Starting at the line with "This L-shaped desk" and stopping at the final line, retype the data below exactly; do not carry over any pictures.

----- ENTRIES SHOWN -----

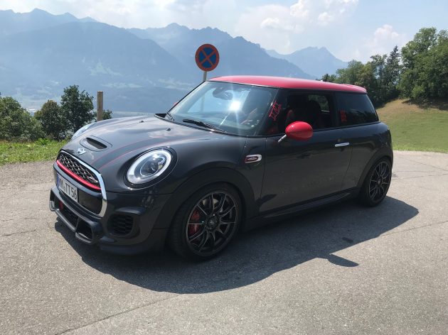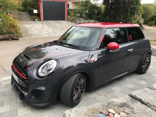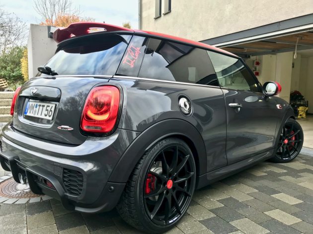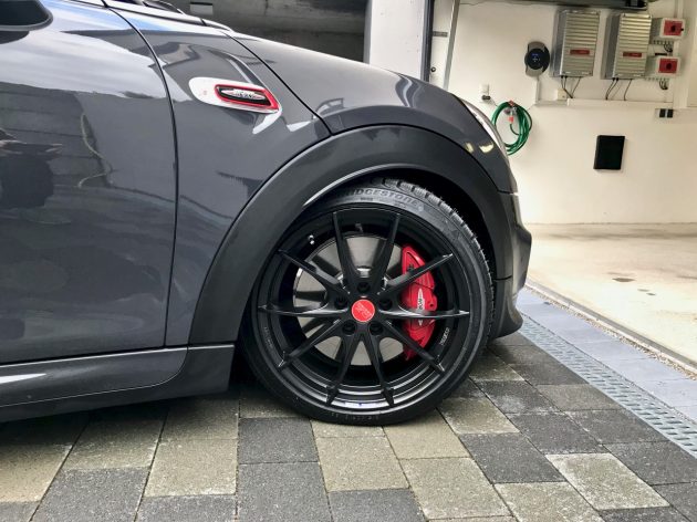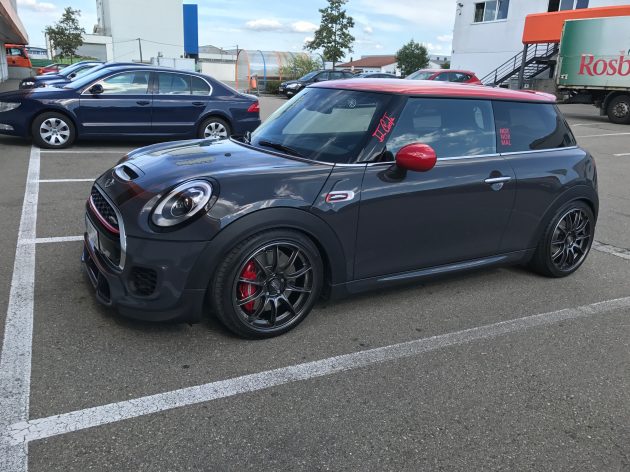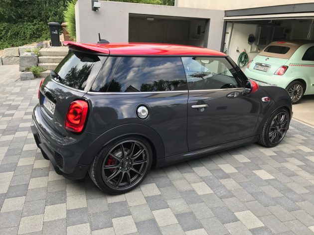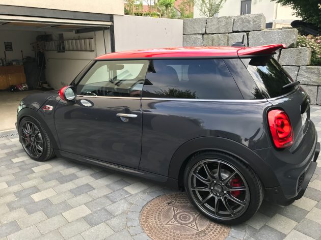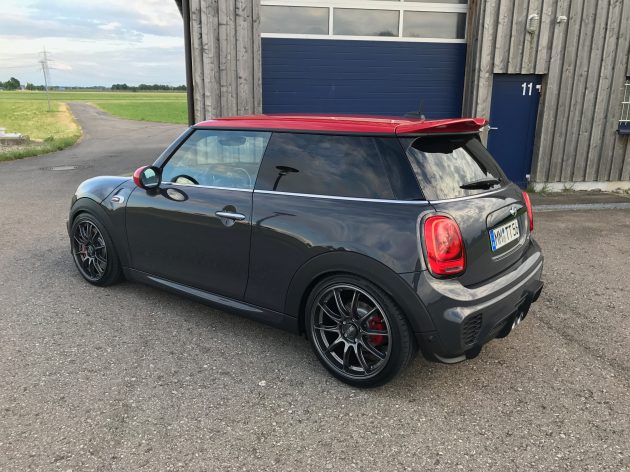 …Ms Thunderbird ist zu hause, mit KW SC Fahrwerk 325VA/330HA (optisch genau richtige Tiefe), Klappenauspuff JCW Pro (Hammerteil) und den OZ Hyper GT in 18 Zoll Star Graphite (sehr stimmig). Radläufe hinten mußten Innen mit dem Dremel bearbeitet werden um Schleifspuren zu vermeiden. Reifendruck kalt Hankooks V12 EVO2 VA 2,5bar / HA 2,3 bar.
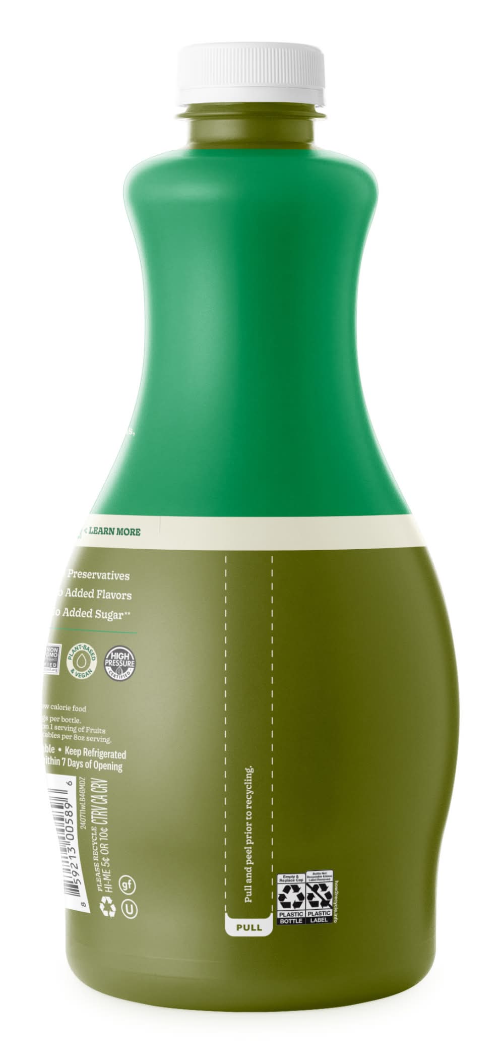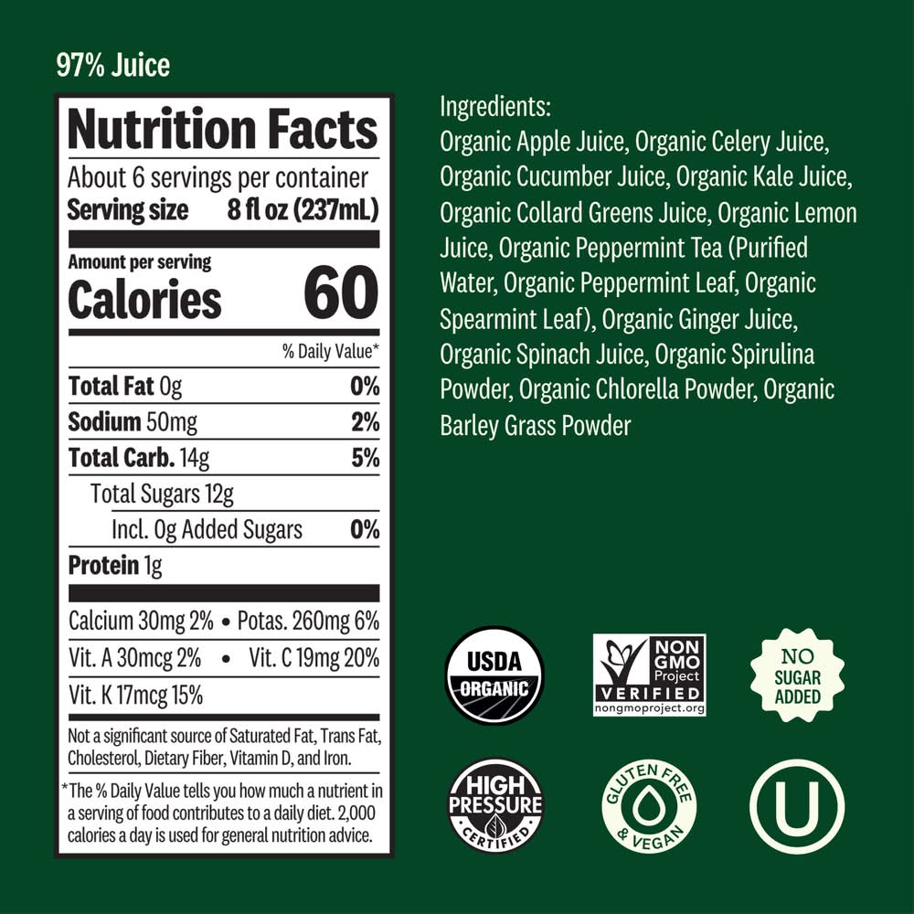 Ingredients: Organic Apple Juice, Organic Celery Juice, Organic Cucumber Juice, Organic Kale Juice, Organic Collard Greens Juice, Organic Lemon Juice, Organic Peppermint Tea (Purified Water, Organic Peppermint Leaf, Organic Spearmint Leaf), Organic Ginger Juice, Organic Spinach Juice, Organic Spirulina Powder, Organic Chlorella Powder, Organic Barley Grass Powder Contains: Barley, Celery
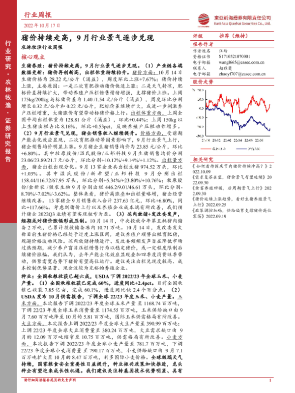【东亚前海证券】【20221017】20221017-东亚前海证券-农林牧渔行业周报:猪价持续走高,9月行业景气逐步兑现-18页 行业研究
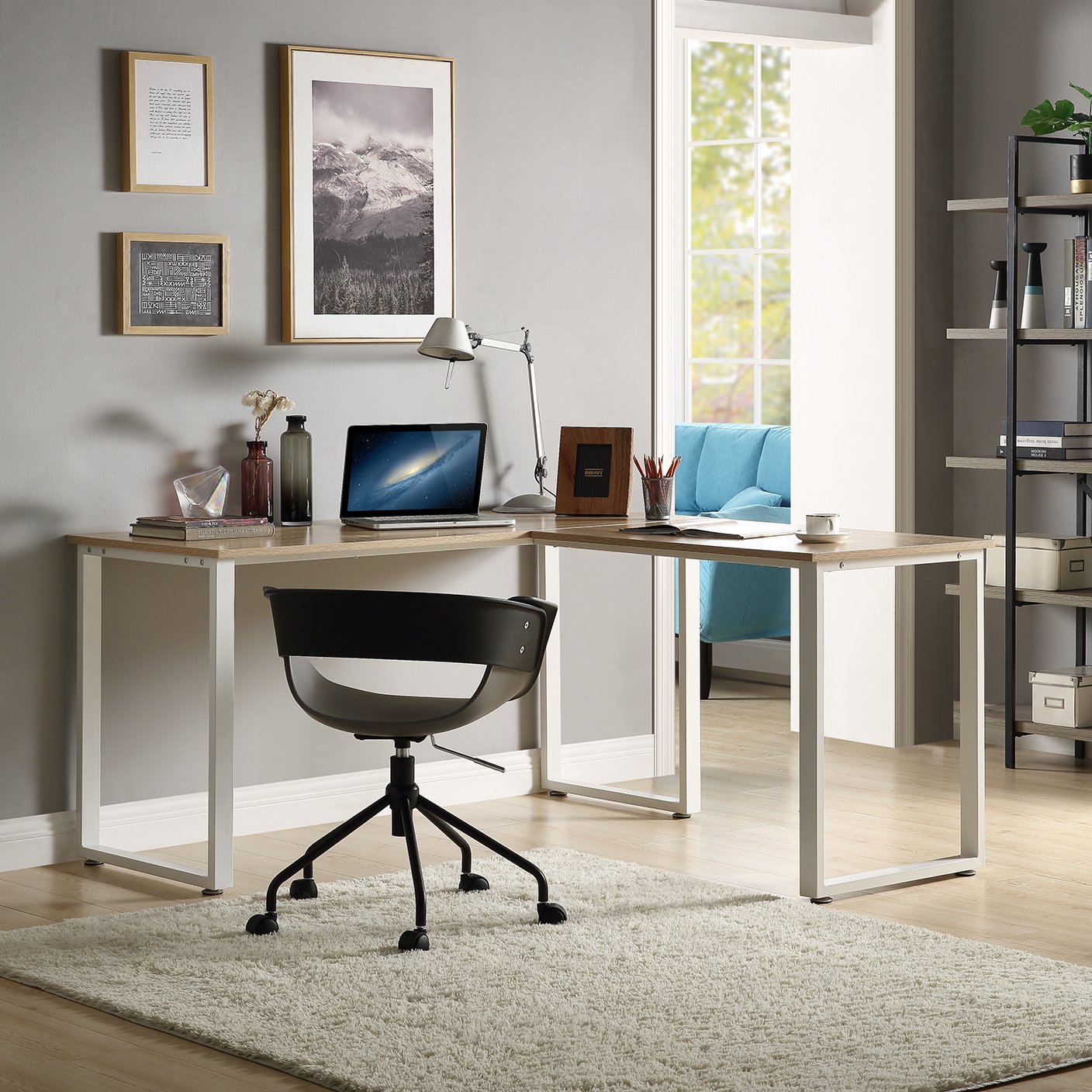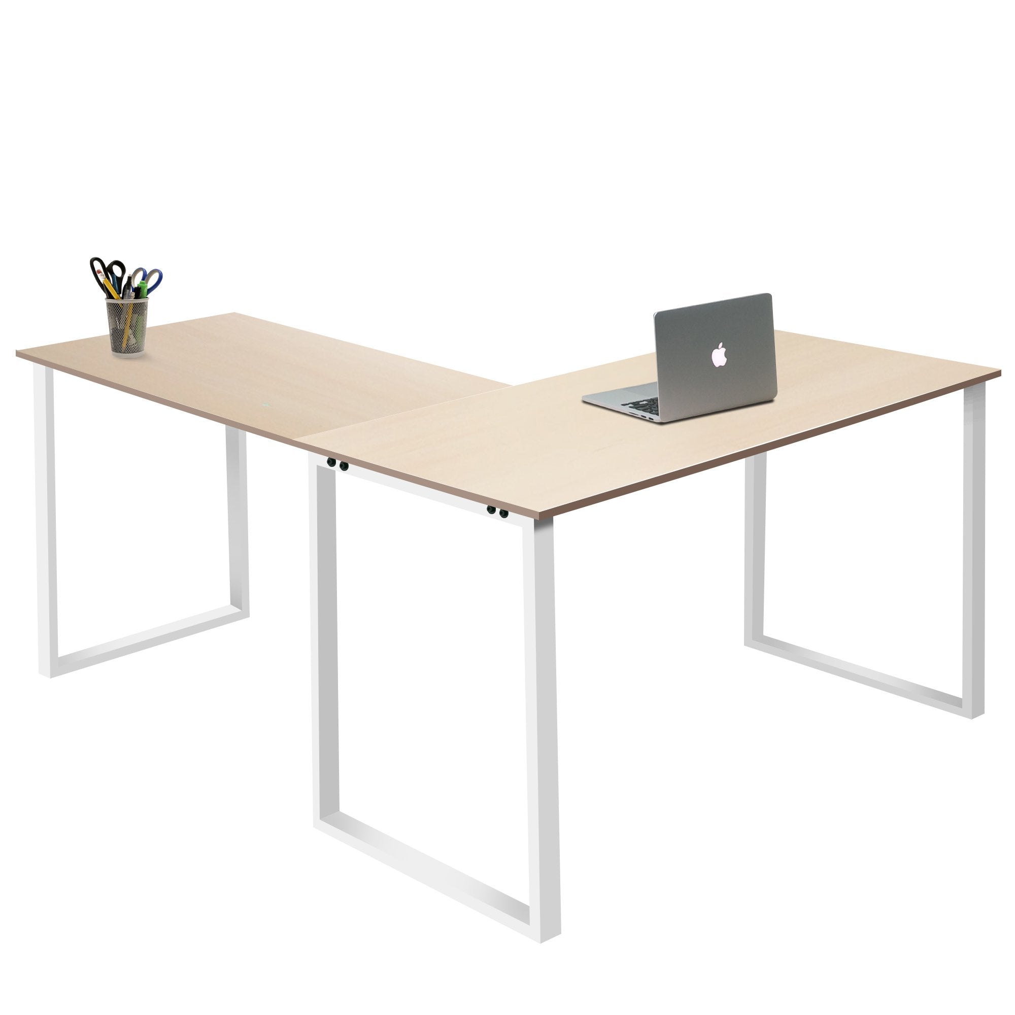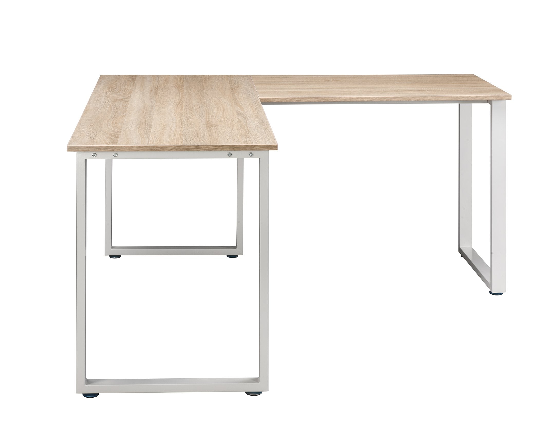 This L-shaped desk stands out with its modern, sleek and refreshing appearance. Founded atop the stylish white metal leg, in L-shape the spacious desk provides a comfortable working environment that promotes productivity.
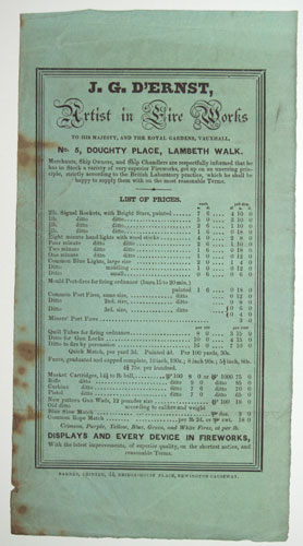 J.G. D'Ernst, Artist in Fire Works to His Majesty, and the Royal Gardens, Vauxhall. No 5, Doughty Place, Lambeth Walk.

-----

EXERCISE OUTPUT
 This L-shaped desk stands out with its modern, sleek and refreshing appearance. Founded atop the stylish white metal leg, in L-shape the spacious desk provides a comfortable working environment that promotes productivity.
 J.G. D'Ernst, Artist in Fire Works to His Majesty, and the Royal Gardens, Vauxhall. No 5, Doughty Place, Lambeth Walk.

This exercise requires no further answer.